98.7..6..5..9..4....7.3....4..5..8...7.....2...8..1....6..597.....6...48........5

Code: Select all

 *----------------------------*----------------------------*----------------------------*
 | <9>      <8>      1234     | <7>      124      245      | <6>      135      123      |
 | <5>      123      1236     | <9>      1268     268      | <4>      1378     1237     |
 | $ 126    124      <7>      | $ 1248   <3>      24568    | $ 125    1589     129      |
 *----------------------------*----------------------------*----------------------------*
 | <4>      1239     12369    | <5>      2679     2367     | <8>      1379     13679    |
 | $ 136    <7>      13569    | $ 348    4689     3468     | $ 135    <2>      13469    |
 | $ 236    2359     <8>      | $ 234    24679    <1>      | $ 35     3579     34679    |
 *----------------------------*----------------------------*----------------------------*
 | 1238     <6>      1234     | 12348    <5>      <9>      | <7>      # 13     # 123    |
 | # 1237   1235-9   1235-9   | <6>      127      237      | 1239     <4>      <8>      |
 | # 1237-8 12349    12349    | #123-48  1278-4   2378-4   | 1239     6        <5>      |
 *----------------------------*----------------------------*----------------------------*

As (7) is locked in r89c1 there is a Twin pattern in tier 3
(123)JET:r8c89,r8c4,(7)r89c1
=> r9c4 <> 48 (non-member digits in the simple target cell)
=> r9c1 <> 8 (non-member in twin cells not equal to the locked digit)
=> r8c23 <> 9 (as (5) is locked and one cell must hold a member)
=> r9c56 <> 4 (if (7)r8c1 then (78) become locked, if (7)r9c1 then (8) locked + member digit)
The targets will either be collinear or diagonal

One of the singles created by these eliminations is (4)r7c4 eliminating (4)r36c4
Now this puzzle is an oddity because the S cells for (123) all lie in 3 rows and in each column a single digit is locked in the 3 cells.

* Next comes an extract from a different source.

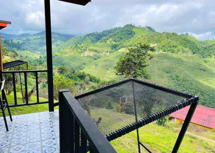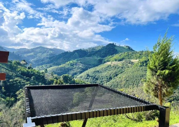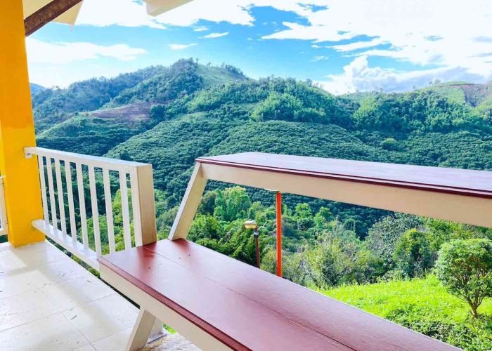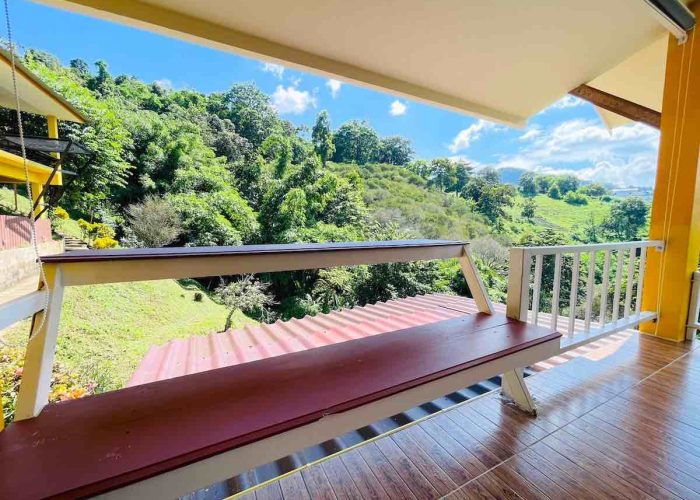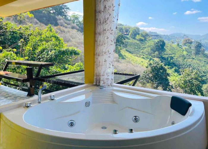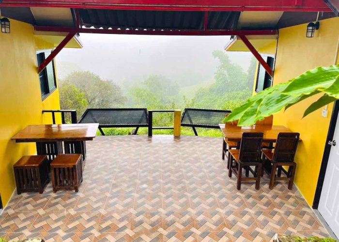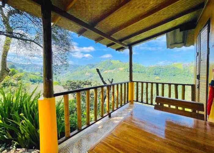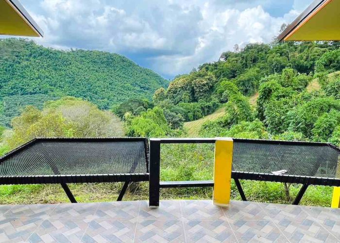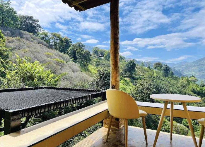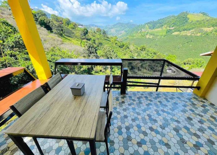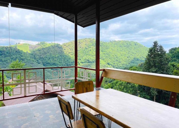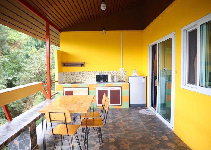ด้านหน้าตัวบ้านเป็นระเบียงกว้าง มีม้านั่งและเปลตาข่ายรับลมชมวิวภูเขาและไร่ชา

Consequently the 9 cells must hold 6 instances of the base digits and 3 instances of the locked column digits are therefore a multi-sector locked set. This allows the spot candidates for each member digit to be eliminated.
Multi-sector Locked Set:(12)r3,(13)r5,(23)r6,(6)c1,(8)c4,(5)c7
=> r3c3689 <> 12, r5c369 <> 13, r6c2589 <> 23
Singles and tuples now finish the solution

[daj95376]

[Edit: Withdrawn. Erroneously deduced that r9c1<>7 from the 4-value Exocet. It was late and I was tired !!!]